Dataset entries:
##############################
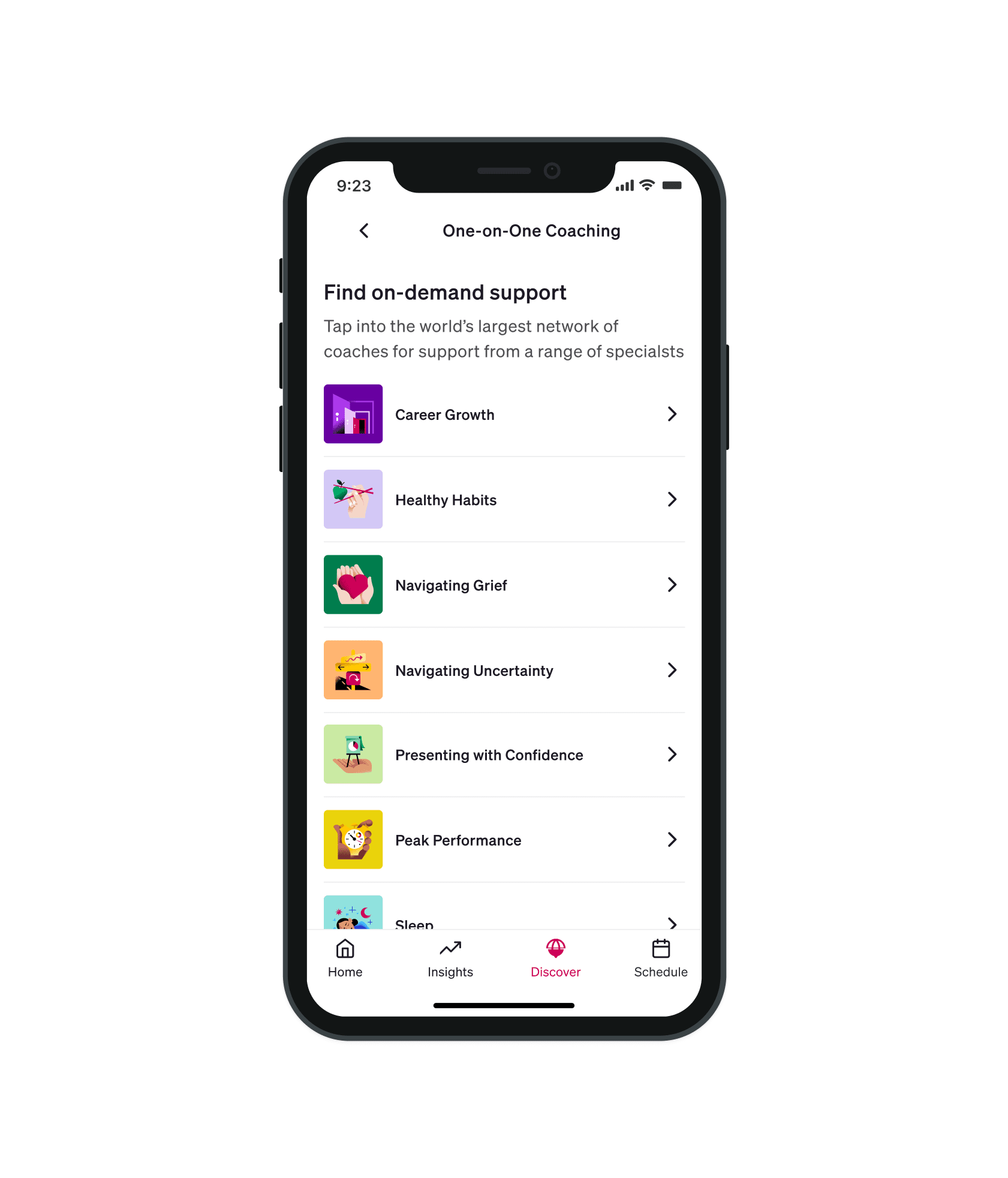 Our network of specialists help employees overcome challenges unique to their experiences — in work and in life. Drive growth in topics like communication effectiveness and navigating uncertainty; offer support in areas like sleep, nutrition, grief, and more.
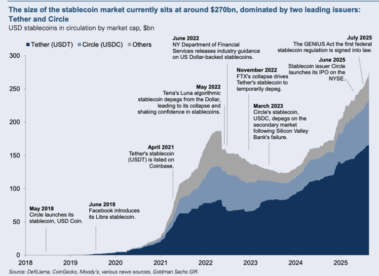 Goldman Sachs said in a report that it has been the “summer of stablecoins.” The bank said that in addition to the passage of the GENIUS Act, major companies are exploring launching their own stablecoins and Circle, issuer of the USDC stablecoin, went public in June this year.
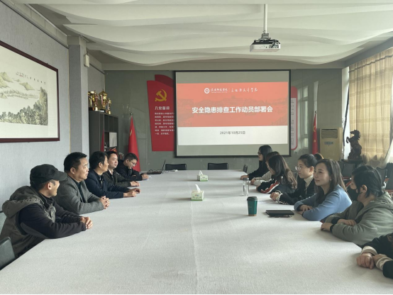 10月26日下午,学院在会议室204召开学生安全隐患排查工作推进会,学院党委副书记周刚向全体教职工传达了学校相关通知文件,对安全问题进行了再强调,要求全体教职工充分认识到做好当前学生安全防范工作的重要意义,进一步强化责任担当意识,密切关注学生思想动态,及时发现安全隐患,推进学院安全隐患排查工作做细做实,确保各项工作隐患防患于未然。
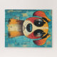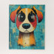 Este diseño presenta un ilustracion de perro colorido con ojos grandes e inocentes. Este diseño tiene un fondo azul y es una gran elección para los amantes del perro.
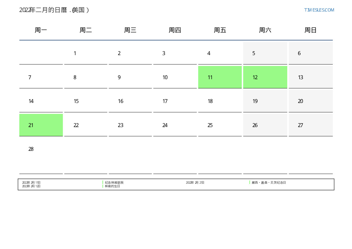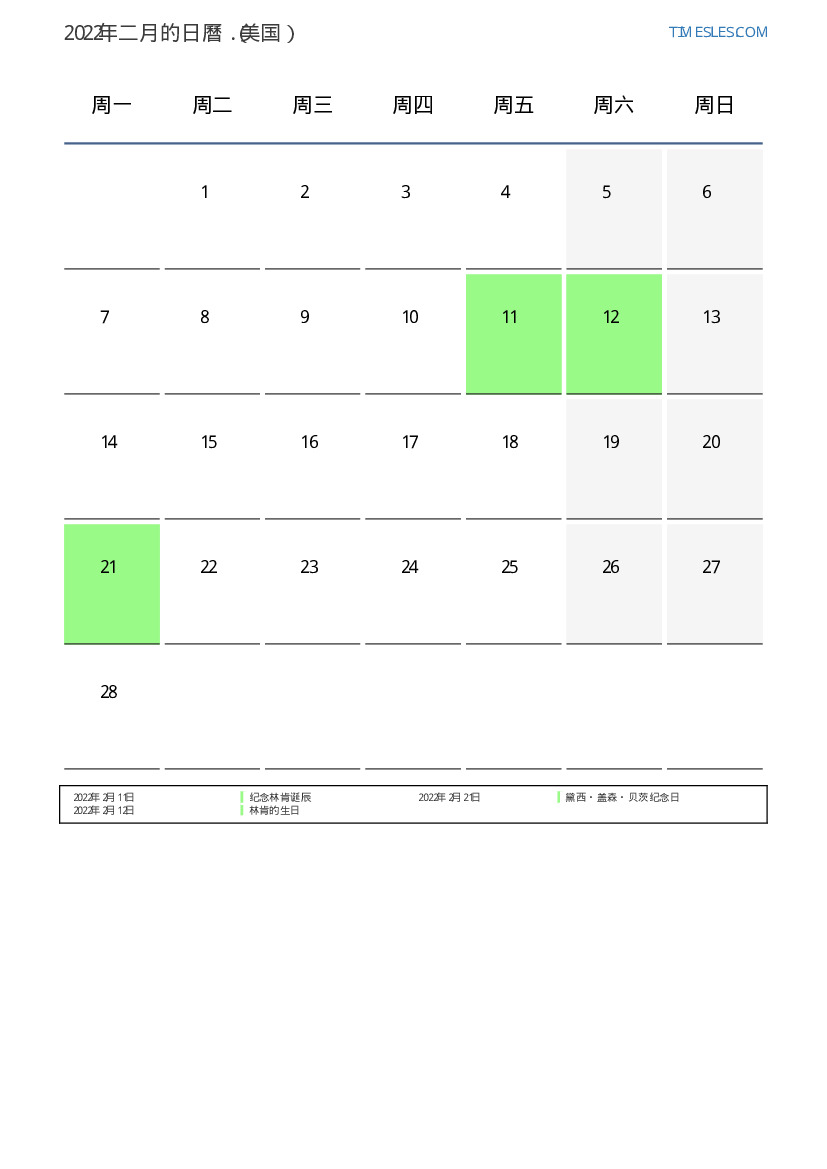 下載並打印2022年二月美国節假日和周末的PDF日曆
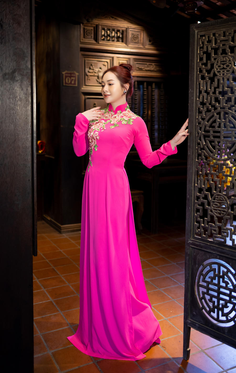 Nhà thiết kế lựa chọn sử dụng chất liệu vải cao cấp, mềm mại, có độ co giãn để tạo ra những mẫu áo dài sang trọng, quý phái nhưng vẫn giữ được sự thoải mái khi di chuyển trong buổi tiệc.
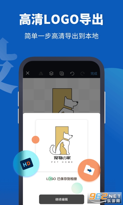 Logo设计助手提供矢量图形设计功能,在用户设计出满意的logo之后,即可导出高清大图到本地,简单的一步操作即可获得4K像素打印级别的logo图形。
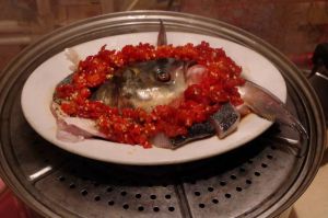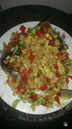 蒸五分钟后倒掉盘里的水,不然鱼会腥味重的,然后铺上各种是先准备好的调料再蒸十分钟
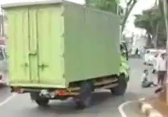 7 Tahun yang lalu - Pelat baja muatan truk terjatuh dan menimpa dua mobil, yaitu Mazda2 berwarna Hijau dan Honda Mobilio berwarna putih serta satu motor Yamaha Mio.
##############################
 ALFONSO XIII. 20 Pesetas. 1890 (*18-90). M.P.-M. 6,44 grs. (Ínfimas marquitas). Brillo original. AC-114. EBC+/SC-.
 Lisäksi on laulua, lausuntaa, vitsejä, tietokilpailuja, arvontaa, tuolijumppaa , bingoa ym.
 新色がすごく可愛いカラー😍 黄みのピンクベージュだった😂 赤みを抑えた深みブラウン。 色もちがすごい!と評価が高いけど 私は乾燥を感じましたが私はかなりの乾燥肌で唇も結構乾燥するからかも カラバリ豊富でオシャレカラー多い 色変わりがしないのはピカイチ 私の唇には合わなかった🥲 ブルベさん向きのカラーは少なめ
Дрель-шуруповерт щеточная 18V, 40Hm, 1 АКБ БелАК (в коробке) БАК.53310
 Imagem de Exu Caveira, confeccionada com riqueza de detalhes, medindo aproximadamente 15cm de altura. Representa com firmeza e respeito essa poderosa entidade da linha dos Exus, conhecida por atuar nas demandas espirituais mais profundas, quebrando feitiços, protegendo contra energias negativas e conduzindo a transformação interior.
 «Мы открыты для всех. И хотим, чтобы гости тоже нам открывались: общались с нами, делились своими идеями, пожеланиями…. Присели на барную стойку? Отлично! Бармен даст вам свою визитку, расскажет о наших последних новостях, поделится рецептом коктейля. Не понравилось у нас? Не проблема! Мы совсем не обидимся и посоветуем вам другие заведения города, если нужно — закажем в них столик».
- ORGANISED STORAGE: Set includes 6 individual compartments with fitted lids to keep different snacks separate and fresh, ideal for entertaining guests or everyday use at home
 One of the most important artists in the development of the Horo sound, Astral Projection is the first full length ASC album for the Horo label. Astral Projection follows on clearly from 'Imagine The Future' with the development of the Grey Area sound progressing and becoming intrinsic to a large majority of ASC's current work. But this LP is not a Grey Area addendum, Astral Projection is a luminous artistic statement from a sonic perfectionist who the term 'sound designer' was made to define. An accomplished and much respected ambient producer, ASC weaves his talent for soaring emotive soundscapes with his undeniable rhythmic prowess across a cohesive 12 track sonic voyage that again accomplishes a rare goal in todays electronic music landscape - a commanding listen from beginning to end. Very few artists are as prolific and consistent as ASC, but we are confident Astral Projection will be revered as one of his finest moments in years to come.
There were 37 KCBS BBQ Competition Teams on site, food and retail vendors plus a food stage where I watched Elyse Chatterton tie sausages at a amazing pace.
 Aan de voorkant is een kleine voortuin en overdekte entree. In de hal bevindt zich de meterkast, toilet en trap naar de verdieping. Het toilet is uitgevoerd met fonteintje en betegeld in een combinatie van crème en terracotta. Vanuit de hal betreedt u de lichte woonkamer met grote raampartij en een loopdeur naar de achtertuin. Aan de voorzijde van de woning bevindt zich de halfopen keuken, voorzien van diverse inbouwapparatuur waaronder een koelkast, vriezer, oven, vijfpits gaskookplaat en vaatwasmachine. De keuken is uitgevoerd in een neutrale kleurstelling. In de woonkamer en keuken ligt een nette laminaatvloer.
##############################
WORK ITEM: Will you return exactly the lines above from the one with "открыты для всех." down to the one with "- ORGANISED STORAGE: Set", counting both as part of the range?

EXPECTED ANSWER:
 «Мы открыты для всех. И хотим, чтобы гости тоже нам открывались: общались с нами, делились своими идеями, пожеланиями…. Присели на барную стойку? Отлично! Бармен даст вам свою визитку, расскажет о наших последних новостях, поделится рецептом коктейля. Не понравилось у нас? Не проблема! Мы совсем не обидимся и посоветуем вам другие заведения города, если нужно — закажем в них столик».
- ORGANISED STORAGE: Set includes 6 individual compartments with fitted lids to keep different snacks separate and fresh, ideal for entertaining guests or everyday use at home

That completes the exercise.